If the Customer is in default of any of its obligations under this Agreement, then CenterServ Corp. may in its sole discretion do any or all of the following: (i) without notice suspend access to the Customer Space or the Premises, (ii) if the Customer's default is non-payment of any sums due to CenterServ Corp., exercise all the rights and remedies of a secured party under applicable law including, without limitation, with the minimum notice (if any) required by law, CenterServ Corp. may seize the Equipment and sell the Equipment to third parties in satisfaction of any Customer indebtedness owing to CenterServ Corp. as well as any costs (including reasonable legal fees) incurred by CenterServ Corp. in exercising any remedy under this Agreement.

Billing and termination

Invoices are sent by email, upon request a copy can be sent by mail.First Month's Payment shown in the Service Order must be paid by the Customer to CenterServ Corp. before commencement of the Term. All other invoices must be paid by the Customer within 15 days from the date of CenterServ Corp.'s invoices, which invoices will be issued 15 days before the end of the last paid period.

Payments

The Customer will pay CenterServ Corp. the One-Time Install Fees and Recurring Monthly Fees specified in the Service Order, as well as any charges for Other Services the Customer will pay all applicable taxes levied against or upon the services stipulated in the Service Order (as amended by the parties from time to time) or otherwise provided by CenterServ Corp. under this Agreement. All One-Time Install Fees will be payable in advance. Recurring Monthly Fees will be payable in advance upon the Customer's chosen payment period. All other fees and the cost will be payable monthly and payment due on the renewal date. Except for the First Month's Payment shown in the Service Order, which must be paid by the Customer to CenterServ Corp. before commencement of the Term, all amounts will be payable in American or Canadian dollars within 15 days from the date of CenterServ Corp.'s invoices, which invoices will be issued 15 days before the end of the last paid period. Service interrupted for nonpayment is subject to a $50 reconnect charge. Accounts that are not paid 45 days after due date may be turned over to an outside collection agency for collection. If your account is turned over for collection, you agree to pay the company a Collection Fee. If you desire to cancel your account, please follow the proper procedure to do this as outlined in this TOS. Any payment not made when due will be subject to interest of two percent (2%) per month compounded monthly (equivalent to a yearly interest rate of 26.86%). Bounced checks are subject to a penalty fees of $20 CA.

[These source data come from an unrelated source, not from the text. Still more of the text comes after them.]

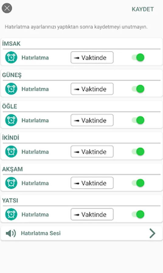 • You can receive reminder notifications at prayer times and 15, 30, 45 minutes before.
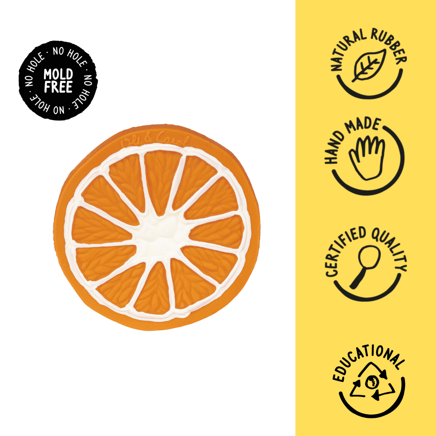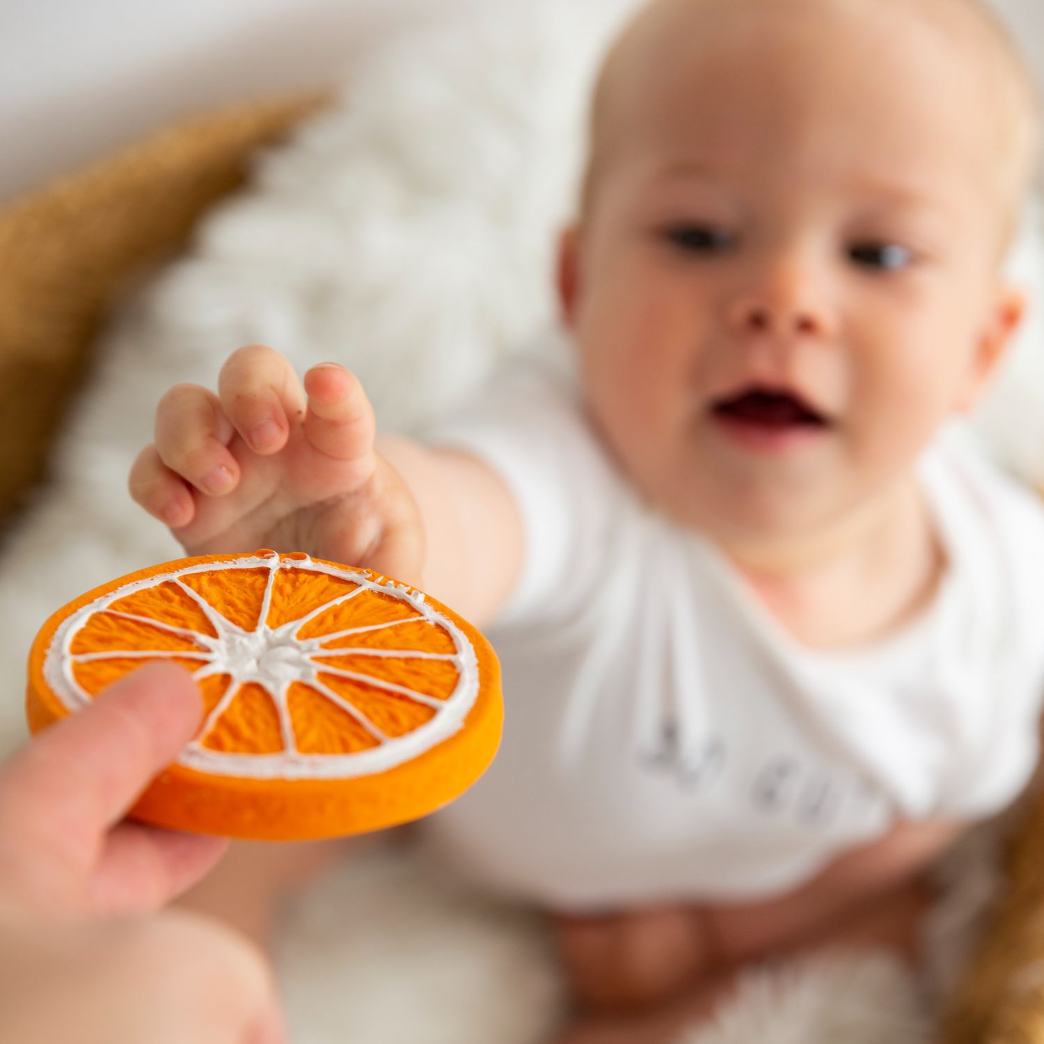 Clementino the Orange is a fruit-shaped baby teether that will stimulate babies? senses while soothing little gums. Introduce kids into a healthy lifestyle from a young age! Did you know that eating oranges is highly nutritional and beneficial for health? It will become babies and kids? favorite teether, bath toy and sensory play toy. This product is perfect as a baby teether, babies and kids toy, bath toy, for sensory play and decorative object. It is made following an artisanal, sustainable and eco-friendly process with 100% natural rubber from Hevea trees. As it is made all in one piece with no holes, it avoids the creation of bacteria inside. Hand painted with natural pigments one by one, so there are no two alike!
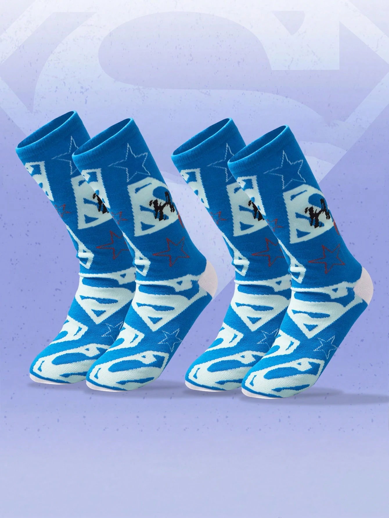 SUPERMAN X ROMWE 1 Pair Geometric Print Intarsia Mid-Calf Socks, & Cute Design, Comfortable & Breathable, Suitable For Couples, School, Everyday, Sports, Holiday, Halloween
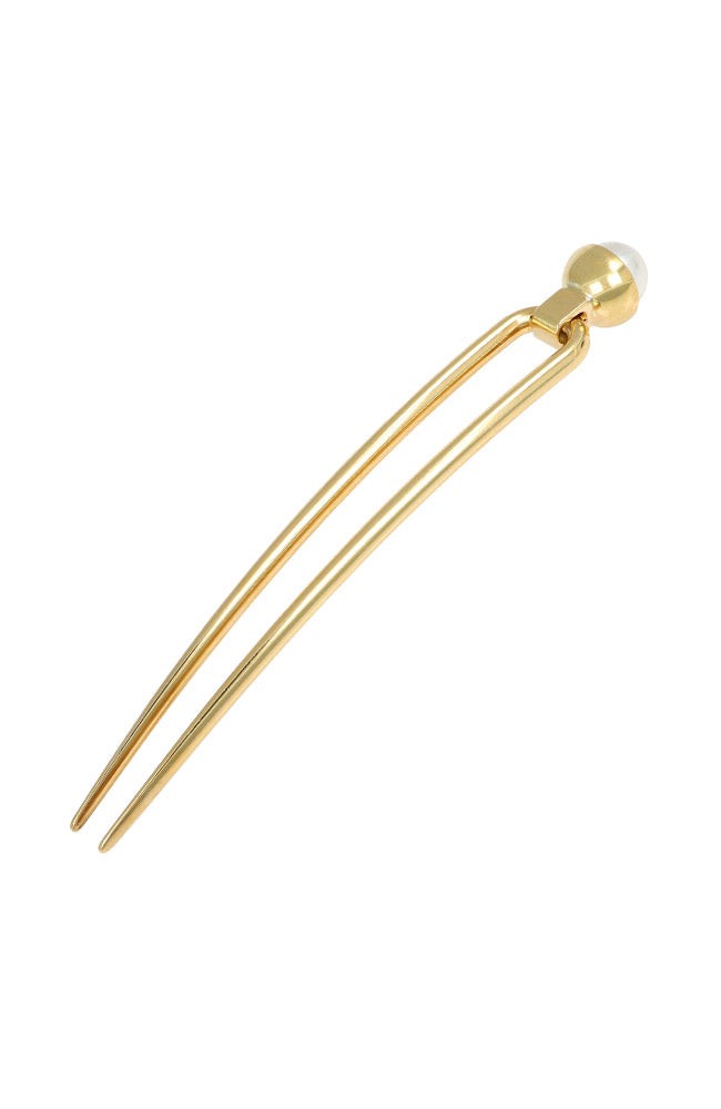 Add a touch of timeless elegance to your hairstyle with the L. Erickson Daphne Chignon hair pin. Crafted with two sturdy prongs, this exquisite accessory is specially designed to secure even the thickest of hair types with ease. Its lustrous gold finish and faux pearl embellishment create a sophisticated look that's perfect for any occasion.

Automatic debits by credit card

In the case of payments by credit card, CenterServ will use the informations in its possession to make a payment at the invoice date. The customer will not receive any previous notification but will receive a notice after every debit on the credit card. If ever the customer wants to disable the automatic debit, he only needs to contact the customer service via its customer hub by selecting the Finances section and "Contact billing". If the customer wants then to re-enable the automatic debit, he only needs to mark the box "automatic debit" in his manual payment form. By submitting an initial payment or re-activating the automatic debit option, the customer confirms that he has read and accepts the conditions related to the automatic debit. In addition, the customer allows CenterServ to withdraw the amount of the unpaid balance from the credit card. The client also authorizes the financial institution issuing the credit card to charge his account for the amounts related to the CenterServ services. This authorization will be valid until an authorized person on the account ask to suspend the automatic debit.

CenterServ Shared Hosting

The Customer will pay by pre-authorized payment to a Customer credit card, or by cheque of immediately available funds remitted to CenterServ Corp. Payment by check will only be accepted for 3, 6 or 12 months prepayments.

CenterServ MyServerNow and CenterServ InstantColo

The Customer will pay by pre-authorized payment to a Customer credit card, by wire transfer or by cheque of immediately available funds remitted to CenterServ Corp. Payment by check and wire transfer will only be accepted for 3, 6 or 12 months prepayments.

Late payment

Service will be interrupted on past due accounts after a 48 hours notification. Service interrupted for nonpayment is subject to a $25 reconnect charge. Accounts that are not collectible by CenterServ Corp. may be turned over to an outside collection agency for collection. If your account is turned over for collection, you agree to pay the company a "Processing and Collection" Fee. If you desire to cancel your account, please follow the proper procedure to do this as outlined in this TOS.

Changes

Upon 30 days or greater written notice prior to the end of the initial commitment, CenterServ Corp. may change any fees payable under this Agreement.

Term and termination

The term of this Agreement shall begin upon the date the server is installed and made available to the customer and shall be for the period stated in the commitment section of the Service Order. If no commitment is stated, the term will be of 1 month. Agreement is renewed for successive 1 month after initial commitment until terminated by either Party. After initial commitment stated on the service order, either party may terminate this Agreement on the account's anniversary date (an account anniversary date corresponds to the day of the month at which an account was opened.) (i) for convenience on 48 hours before the next anniversary date written notice to the other party, or (ii) if the other party (x) commits a material default (which, in the case of the Customer, will include any failure to make any payment when due) and fails to rectify such default within 10 days after being given notice of such default by the other party, or (y) becomes the subject of any voluntary proceedings under any bankruptcy or insolvency laws, or becomes the subject of any involuntary proceedings under any bankruptcy or insolvency laws which are not dismissed or withdrawn within 60 days after filing.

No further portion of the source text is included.